Drupal - Why did the Apache directive to handle a clean URL get changed?

There was something seriously broken, but it only affected a handful of cases due to fringe nature of the issue. Essentially, what happens is roughly (%26 == &):

Request: /lost%26found
Rewrite: /index.php?q=lost&found

The issue here is obvious when you see it this way: you end up with two $_GET variables, q = 'lost' and found which isn't set properly. Since the q variable is truncated, you end up with the wrong page or a 404 error.

Drupal 7 fixes this by simply redirecting to index.php and then parsing the original query string manually itself, bypassing Apache and PHP's parsing of it entirely.


Using the rewriting rule used in Drupal 6 there would be a problem when the path contains escaped & or % that are changed back to respectively & and % from the "mod_rewrite" Apache module. The solution would be using the following rewriting rule, but it would require Apache 2.2.8 or higher, when Drupal 7 is compatible with any Apache 2.x versions.

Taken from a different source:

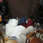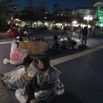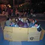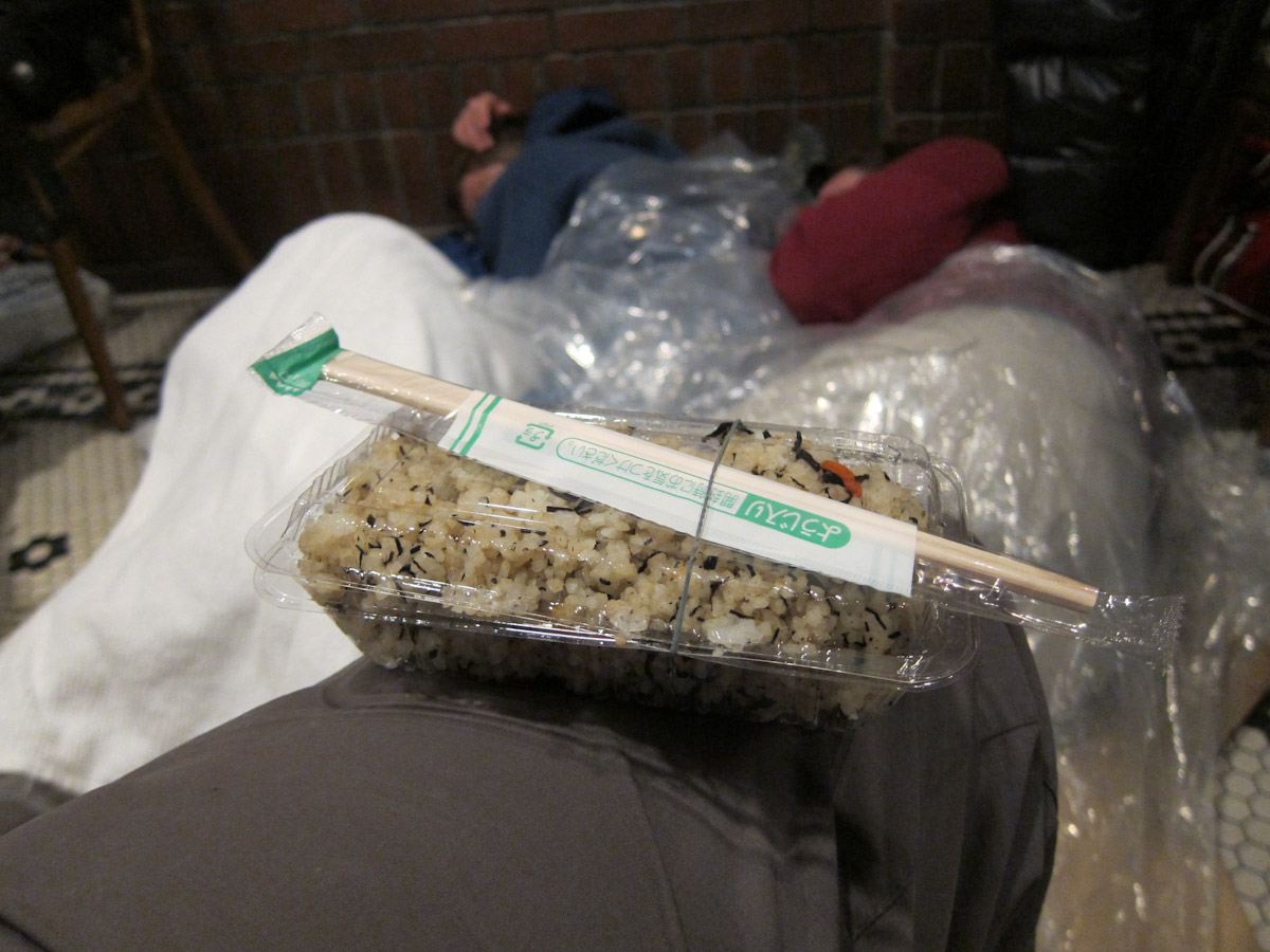 Dad and Katherine made the cardboard in to a “tatami” mat for us all to sleep on. We wanted to be like a real Japanese family and so took off our shoes. That’s when we realized that we had to keep our shoes on. We might have to leave at any moment, and any delay could prove to be fatal.

RewriteRule ^(.*)$ index.php?q=$1 [L,QSA,B]

Between being compatible only with Apache 2.2.8 and higher, or being compatible with all the Apache 2.x versions, they preferred to the compatible with all the Apache 2.x versions.

To understand why unescaping & and % is a problem, suppose a third-party module is able to handle a path such as title/12&id=13; the path would be changed to index.php?q=title/12&id=13 instead of index.php?q=title/12%26id=13. The effect is that the module would get title/12 as path, instead of title/12&id=13.